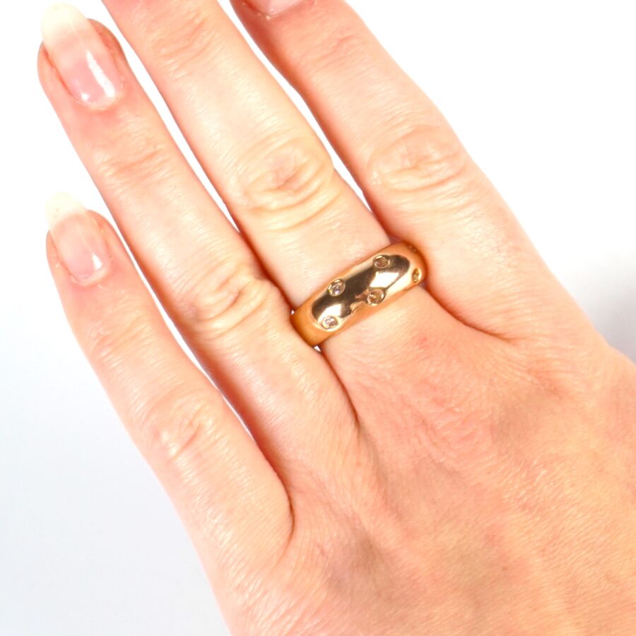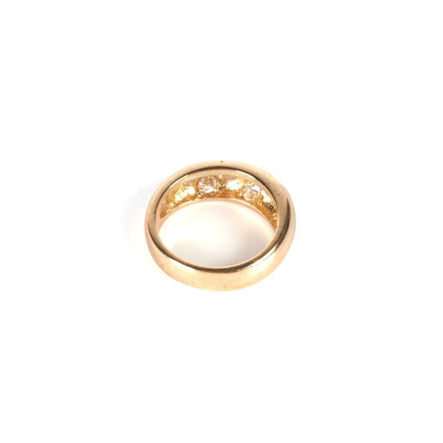 GARANTIE Bague jonc en or jaune 18K (750/oo), plateau bombé serti de 6 pierres blanches imitant le diamant, Larg. 7.5 mm. TDD. 57. Poids brut : 5.7 g environ (AC).
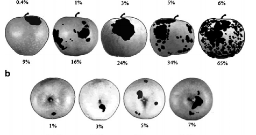 Improving sooty blotch and flyspeck severity estimation on apple fruit with the aid of standard area diagrams
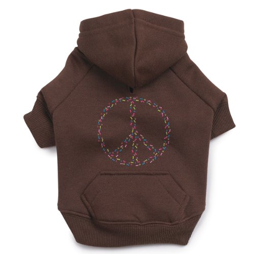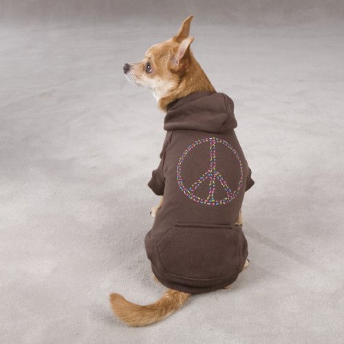Studio : PetEdge Dealer Services* Publisher : PetEdge Dealer Services* Binding : Misc. Product Description Casual Canine peace sign dog hoodie full of charm, this sweatshirt is made of easy care polyester and features a colorful bone and paw peace sign on the back. Kangaroo pouch pockets, super soft fleece lining and leash hole completes the look. High cut belly, ribbed sleeves and waistband provides a stay-dry, cozy fit. It is shipped in a polybag with a hanger and hangtag. Turn garment inside-out before washing to protect design on back. Machine wash cold on a gentle cycle and line dry. Available in brown color and small size. Measures 12-inch length. 0
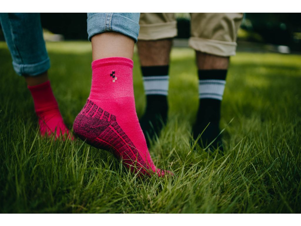 Funkční bavlněné ponožky s důrazem na komfort a dlouho životnost. Zesílené chodidlo s příměsí polypropylenu účinně chrání proti oděru a zvyšuje odolnost při každodenním nošení i sportovních aktivitách. Masážní struktura chodidla s froté zónami. Bezešvá špice zabraňuje otlakům a volný, neškrtící lem zaručuje maximální pohodlí.
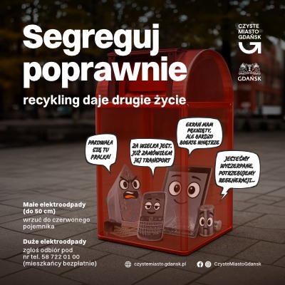 Telefony, tablety, ładowarki, suszarki, żelazka i inne drobne urządzenia można wrzucać do czerwonych pojemników na elektroodpady, które znajdują się w różnych punktach miasta. Można je również oddać do Gdańskich Sorterowni (PSZOK-ów) lub przekazać podczas Objazdowej Zbiórki Odpadów Niebezpiecznych.
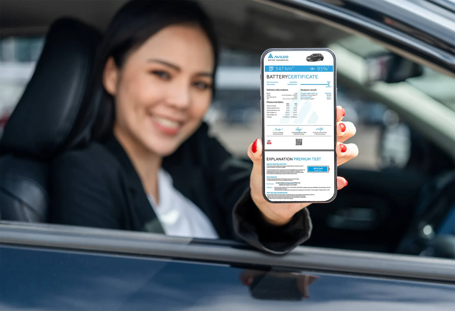 Efektem jest certyfikat Aviloo: rzeczywista pojemność (kWh), SoH, analiza balansu ogniw, identyfikacja anomalii oraz benchmark względem podobnych pojazdów. Dokument można zweryfikować online i dołączyć do ogłoszenia lub umowy.
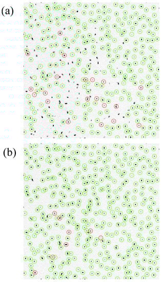 In Figure 4, the results of particle tracking using the quasi-static approximation (Figure 4a) and the position prediction (Figure 4b) at s (after the crystal has melted in its centre) are presented. As can be seen, using the quasi-static approximation resulted in losing many particles. The quasi-static approximation algorithm was not able to link the trajectories for frames for a relatively large number of particles. Moreover, the number of new (rediscovered) particles (circled in red) was quite high, which can have an impact on the accuracy of the computed velocities and kinetic energies. By contrast, when predicting the position for trajectory linking, most of the particles were properly detected and linked.
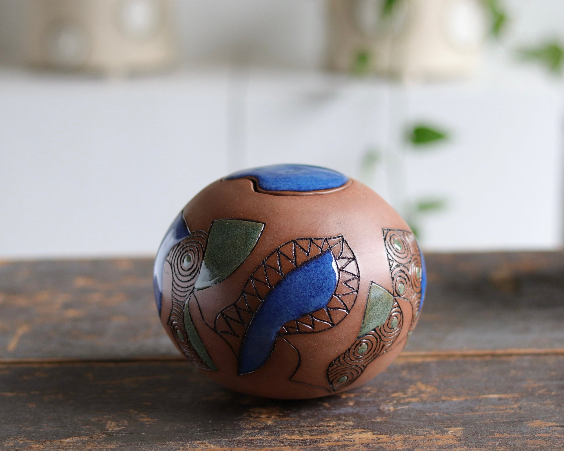 Handbuilt and as unique as your animal companion. I use both slab and coiling method, and the lid is made to fit snugly. This special urn will continue to be a joyful reminder of your departed companion.
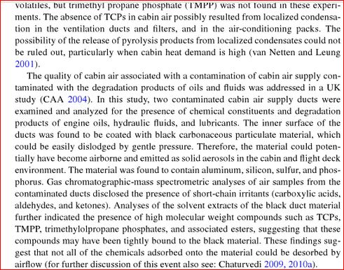 Max has deliberately cropped the reference to delete the fact that the subject contamination is Tri-Cresyl Phosphate, TCP, the known nerve agent by-product of burnt engine oil which is the cause of AeroToxic syndrome. Max is so desperate to ignore the voluminous science on the subject in order to blame his mythical contrails, he resorts to this rather pathetic and easily debunked sort of post.

#### What is needed:
Print, with pictures removed, exactly the lines of the records above from the top through the line containing "Funkční bavlněné ponožky".

#### Solution for this problem:
 GARANTIE Bague jonc en or jaune 18K (750/oo), plateau bombé serti de 6 pierres blanches imitant le diamant, Larg. 7.5 mm. TDD. 57. Poids brut : 5.7 g environ (AC).
 Improving sooty blotch and flyspeck severity estimation on apple fruit with the aid of standard area diagrams
Studio : PetEdge Dealer Services* Publisher : PetEdge Dealer Services* Binding : Misc. Product Description Casual Canine peace sign dog hoodie full of charm, this sweatshirt is made of easy care polyester and features a colorful bone and paw peace sign on the back. Kangaroo pouch pockets, super soft fleece lining and leash hole completes the look. High cut belly, ribbed sleeves and waistband provides a stay-dry, cozy fit. It is shipped in a polybag with a hanger and hangtag. Turn garment inside-out before washing to protect design on back. Machine wash cold on a gentle cycle and line dry. Available in brown color and small size. Measures 12-inch length. 0
 Funkční bavlněné ponožky s důrazem na komfort a dlouho životnost. Zesílené chodidlo s příměsí polypropylenu účinně chrání proti oděru a zvyšuje odolnost při každodenním nošení i sportovních aktivitách. Masážní struktura chodidla s froté zónami. Bezešvá špice zabraňuje otlakům a volný, neškrtící lem zaručuje maximální pohodlí.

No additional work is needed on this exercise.